EXERCISE DATA: Begin

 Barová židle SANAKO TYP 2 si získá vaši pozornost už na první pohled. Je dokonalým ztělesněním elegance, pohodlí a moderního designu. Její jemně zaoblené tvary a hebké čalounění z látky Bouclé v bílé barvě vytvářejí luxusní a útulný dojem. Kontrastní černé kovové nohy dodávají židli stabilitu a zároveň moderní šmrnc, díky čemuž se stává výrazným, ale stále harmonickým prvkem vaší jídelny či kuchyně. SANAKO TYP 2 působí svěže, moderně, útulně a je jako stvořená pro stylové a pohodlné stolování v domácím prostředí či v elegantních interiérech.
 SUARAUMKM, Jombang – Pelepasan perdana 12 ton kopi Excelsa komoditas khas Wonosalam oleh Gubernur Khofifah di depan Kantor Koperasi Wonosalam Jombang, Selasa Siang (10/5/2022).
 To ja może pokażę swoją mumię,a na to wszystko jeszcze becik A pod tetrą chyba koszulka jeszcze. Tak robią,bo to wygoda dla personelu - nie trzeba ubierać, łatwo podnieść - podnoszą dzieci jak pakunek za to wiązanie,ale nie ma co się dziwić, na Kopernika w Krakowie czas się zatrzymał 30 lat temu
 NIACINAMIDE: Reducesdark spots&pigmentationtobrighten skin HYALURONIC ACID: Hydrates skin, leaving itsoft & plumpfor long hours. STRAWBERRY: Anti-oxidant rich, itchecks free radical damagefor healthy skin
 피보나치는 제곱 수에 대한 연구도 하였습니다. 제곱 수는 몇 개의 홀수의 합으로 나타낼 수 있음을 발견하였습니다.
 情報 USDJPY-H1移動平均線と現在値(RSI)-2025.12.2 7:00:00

EXERCISE DATA: End
EXERCISE DATA: Begin

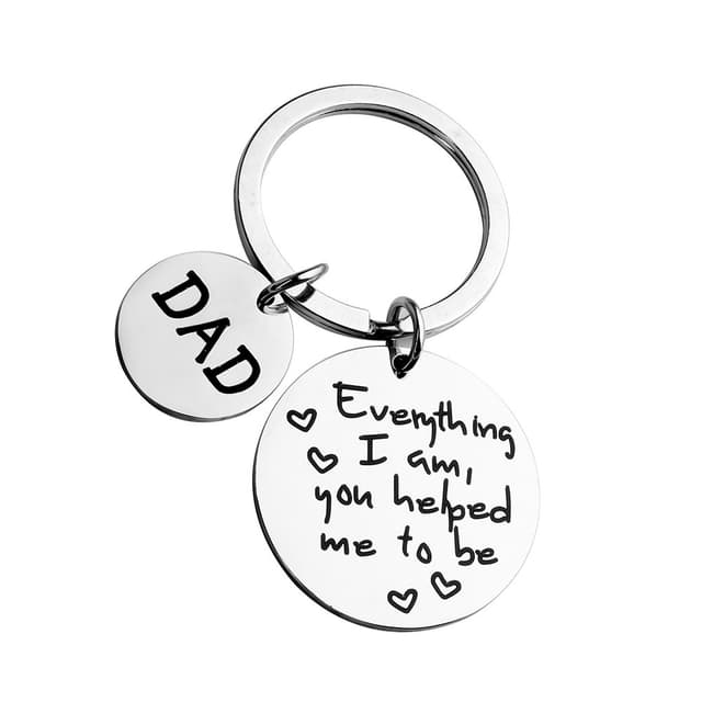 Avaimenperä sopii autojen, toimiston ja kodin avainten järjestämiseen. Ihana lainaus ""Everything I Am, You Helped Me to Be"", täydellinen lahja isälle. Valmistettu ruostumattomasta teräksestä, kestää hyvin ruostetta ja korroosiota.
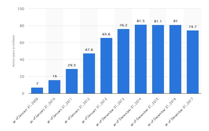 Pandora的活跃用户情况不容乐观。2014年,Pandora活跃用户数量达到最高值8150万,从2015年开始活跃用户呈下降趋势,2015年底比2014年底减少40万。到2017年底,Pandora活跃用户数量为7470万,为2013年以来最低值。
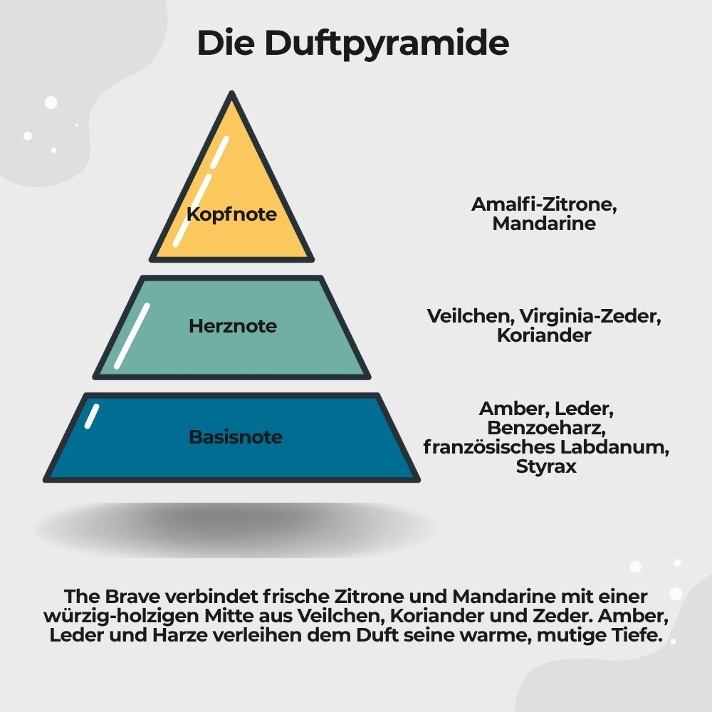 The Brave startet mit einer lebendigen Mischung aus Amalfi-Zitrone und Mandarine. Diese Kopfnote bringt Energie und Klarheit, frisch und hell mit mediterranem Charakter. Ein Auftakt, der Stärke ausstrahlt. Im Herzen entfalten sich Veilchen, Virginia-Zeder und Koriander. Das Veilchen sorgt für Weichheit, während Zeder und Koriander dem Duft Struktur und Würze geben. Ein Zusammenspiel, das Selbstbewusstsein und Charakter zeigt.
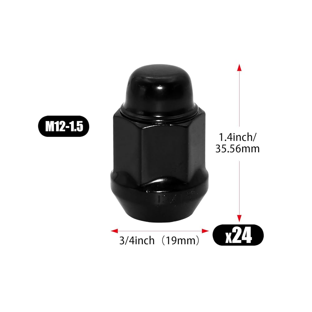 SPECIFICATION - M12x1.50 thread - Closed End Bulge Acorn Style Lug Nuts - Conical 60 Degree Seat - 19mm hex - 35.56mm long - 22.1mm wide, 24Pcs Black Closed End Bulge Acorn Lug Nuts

EXERCISE DATA: End
EXERCISE DATA: Begin

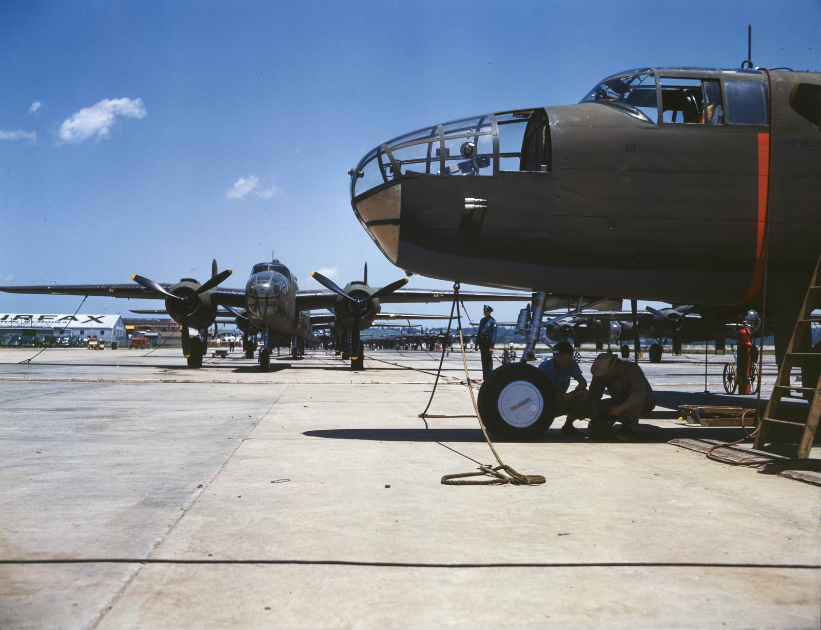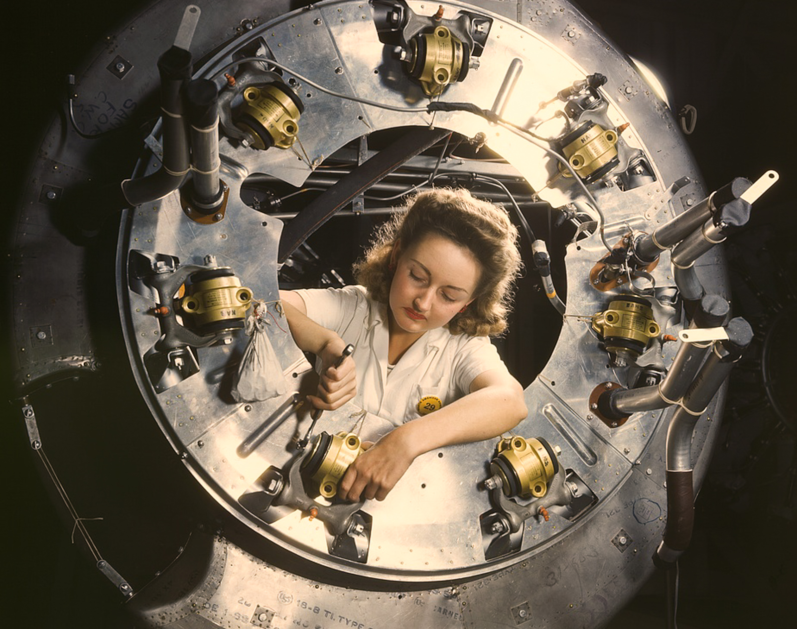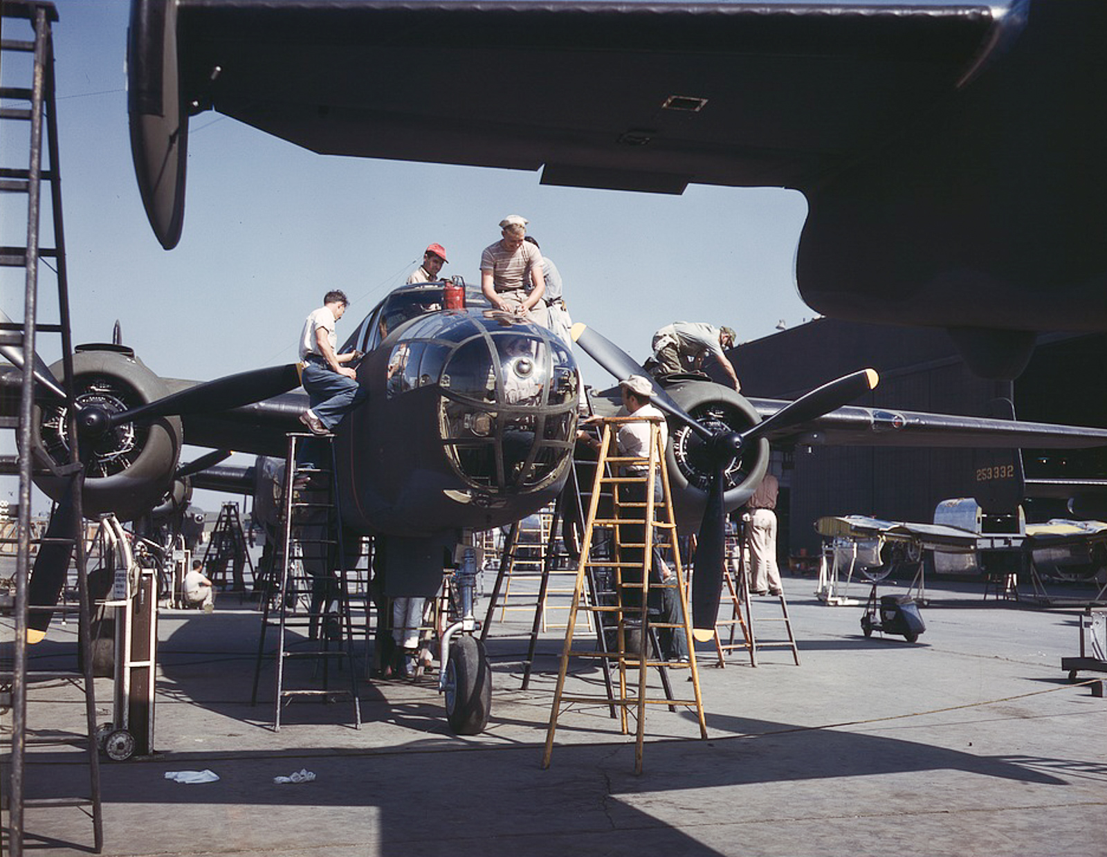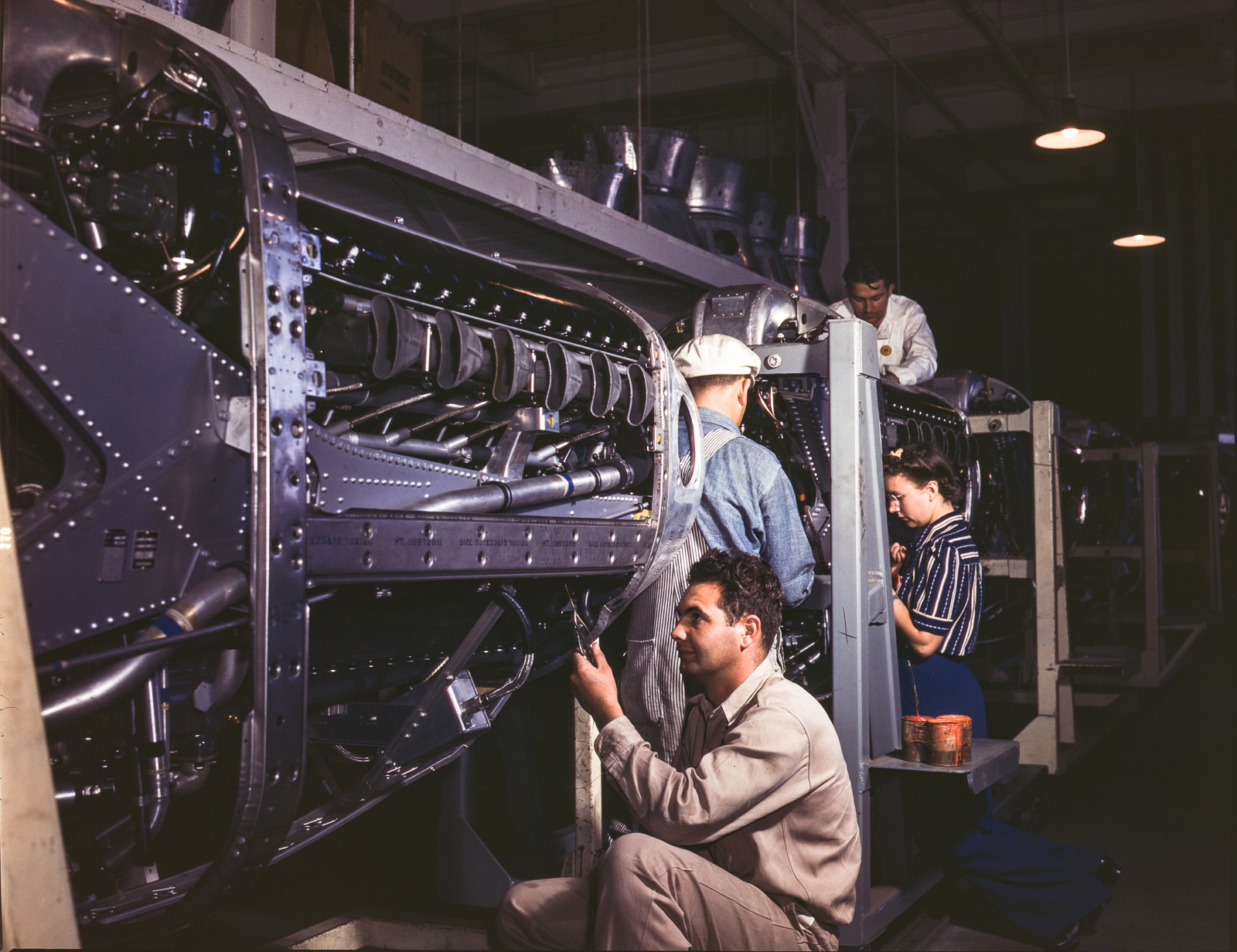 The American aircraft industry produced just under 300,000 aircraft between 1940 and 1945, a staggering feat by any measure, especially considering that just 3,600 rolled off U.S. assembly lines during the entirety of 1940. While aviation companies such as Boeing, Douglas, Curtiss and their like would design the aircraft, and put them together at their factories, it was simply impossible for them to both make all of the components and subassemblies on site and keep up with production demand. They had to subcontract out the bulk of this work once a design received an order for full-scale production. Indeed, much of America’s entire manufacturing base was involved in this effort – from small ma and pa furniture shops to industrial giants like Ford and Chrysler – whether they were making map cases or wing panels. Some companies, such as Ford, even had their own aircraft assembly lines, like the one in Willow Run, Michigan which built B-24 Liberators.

EXERCISE DATA: End

## TASK DETAILS
For this exercise, please set down exactly the lines of the listing above from the line with "Pandora的活跃用户情况" up to and including the line with "SPECIFICATION - M12x1.50", and no pictures.

## SOLVED EXERCISE
 Pandora的活跃用户情况不容乐观。2014年,Pandora活跃用户数量达到最高值8150万,从2015年开始活跃用户呈下降趋势,2015年底比2014年底减少40万。到2017年底,Pandora活跃用户数量为7470万,为2013年以来最低值。
 The Brave startet mit einer lebendigen Mischung aus Amalfi-Zitrone und Mandarine. Diese Kopfnote bringt Energie und Klarheit, frisch und hell mit mediterranem Charakter. Ein Auftakt, der Stärke ausstrahlt. Im Herzen entfalten sich Veilchen, Virginia-Zeder und Koriander. Das Veilchen sorgt für Weichheit, während Zeder und Koriander dem Duft Struktur und Würze geben. Ein Zusammenspiel, das Selbstbewusstsein und Charakter zeigt.
 SPECIFICATION - M12x1.50 thread - Closed End Bulge Acorn Style Lug Nuts - Conical 60 Degree Seat - 19mm hex - 35.56mm long - 22.1mm wide, 24Pcs Black Closed End Bulge Acorn Lug Nuts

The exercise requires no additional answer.